Diketahui penasihat hukum Imam menyebut JPU KPK tidak mendalami lebih lanjut sadapan pembicaraan aliran uang ke mantan Jaksa Muda Pidana Khusus (Jampidsus) Kejaksaan Agung, Adi Toegarisman dan anggota Badan Pemeriksa Keuangan (BPK) Achsanul Qosasi.
Plt. Juru Bicara Komisi Pemberantasan Korupsi (KPK) Ali Fikri menyebutkan selama persidangan Imam Nahrawi tidak kooperatif.
"Berdasarkan informasi JPU, selama persidangan Imam Nahrawi tidak kooperatif mengakui fakta adanya penerimaan sejumlah uang maupun pengetahuannya mengenai dugaan pihak-pihak lain juga menerima sejumlah uang sebagaimana apa yang disampaikan penasihat hukumnya tersebut," kata Ali Fikri, Rabu (1/7/2020).
Ali mengatakan perkara sudah diputus dan Imam Nahrawi dinyatakan bersalah berdasarkan alat bukti yang cukup sejak awal penyidikan. Hal ini pun termasuk sadapan tersebut.
"(Sadapan), justru merupakan petunjuk benar adanya penerimaan uang oleh Terdakwa selaku Menpora saat itu," ujar Ali.
Baca Juga
Apabila Imam Nahrawi tidak menerima putusan, Ali menyatakan masih ada kesempatan untuk menempuh langkah upaya hukum lanjutan yakni banding.
"Dan jika saat ini tim penasihat hukum maupun terdakwa Imam Nahrawi mempunyai bukti-bukti yang sekarang akan diakuinya, silakan lapor ke KPK," ucap Ali.
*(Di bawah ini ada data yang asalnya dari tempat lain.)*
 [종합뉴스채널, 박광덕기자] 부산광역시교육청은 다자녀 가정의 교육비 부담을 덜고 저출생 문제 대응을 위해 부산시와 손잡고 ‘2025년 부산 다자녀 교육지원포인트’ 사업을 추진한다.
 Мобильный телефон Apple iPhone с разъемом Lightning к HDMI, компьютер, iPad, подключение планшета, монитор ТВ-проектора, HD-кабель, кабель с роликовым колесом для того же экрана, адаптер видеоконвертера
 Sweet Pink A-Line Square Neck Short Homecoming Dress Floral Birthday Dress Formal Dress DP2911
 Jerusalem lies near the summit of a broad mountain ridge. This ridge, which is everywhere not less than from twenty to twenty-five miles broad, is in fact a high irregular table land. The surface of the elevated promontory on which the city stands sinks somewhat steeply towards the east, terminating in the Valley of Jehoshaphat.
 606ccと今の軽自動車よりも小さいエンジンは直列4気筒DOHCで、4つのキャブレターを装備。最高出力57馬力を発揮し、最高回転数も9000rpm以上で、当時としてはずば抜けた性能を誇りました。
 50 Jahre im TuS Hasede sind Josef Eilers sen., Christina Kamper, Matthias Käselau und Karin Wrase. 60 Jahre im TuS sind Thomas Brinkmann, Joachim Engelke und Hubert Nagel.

Sebelumnya, Majelis Hakim Pengadilan Tindak Pidana Korupsi menjatuhkan vonis 7 tahun penjara kepada mantan Menteri Pemuda dan Olahraga Imam Nahrawi. Hal itu disampaikan Hakim Ketua Rosmina saat membacakan putusan, Senin (29/6/2020).
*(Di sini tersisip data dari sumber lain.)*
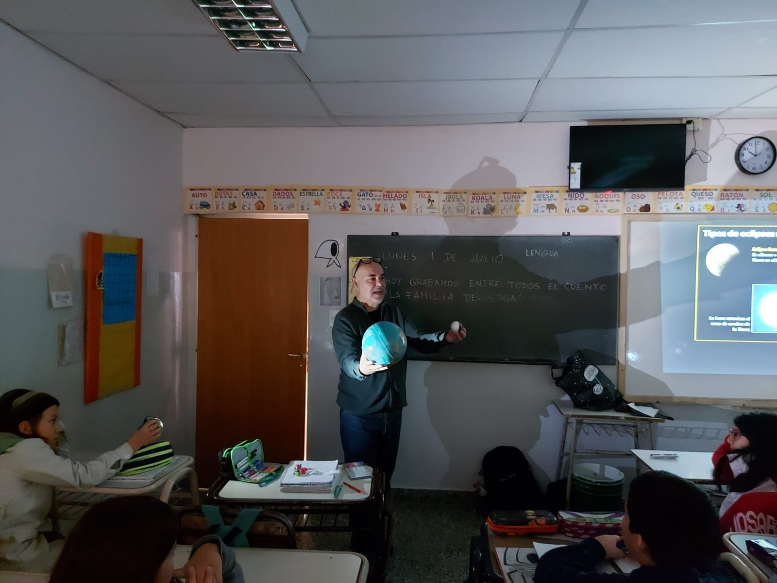 Les comentamos que comenzamos con la actividad del mensaje por celular. Lo que nos permitió darnos cuenta que no asociaban el contenido con ningún fenómeno real. Luego, Marcelo nos brindó la primera charla, en la que los vimos entusiastas con el tema y lograron evacuar algunas dudas y hablar sobre algunas curiosidades culturales en torno al tema. Continuamos con la lectura e interpretación de los eclipses. Pueden observar las fotos de lo que colocaron.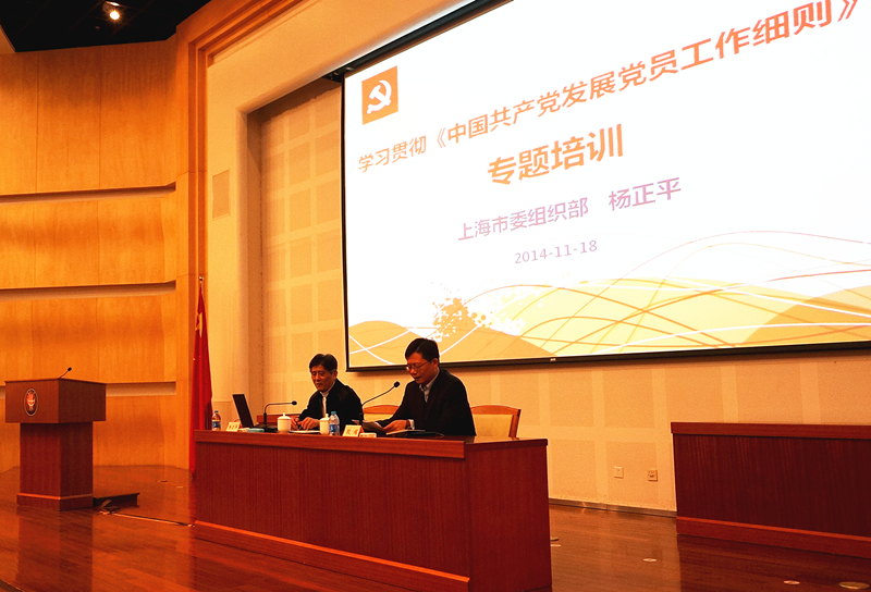 培訓會上,上海市委組織部電化教育中心(黨員服務中心)副主任楊正平作專題輔導報告,從《細則》出臺的背景、修訂的主要特點及內容、如何學習貫徹《細則》等幾個方面進行了深入闡釋,并從理論到實踐、宏觀到微觀的多個角度,重點解析了入黨積極分子的確定和培養教育、發展對象的確定和考察、預備黨員的接收、預備黨員的教育考察和轉正等具體內容。

Selain pidana, mantan Menteri Pemuda dan Olahraga (Menpora) itu juga dihukum membayar denda Rp400 juta subsider 3 bulan kurungan.
Hakim juga menjatuhkan pidana tambahan berupa membayar uang pengganti sejumlah Rp18.154.230.882. Jika uang tersebut tidak diabayarkan paling lambat 1 bulan setelah putusan maka harta milik Imam dapat disita untuk kemudian dilelang.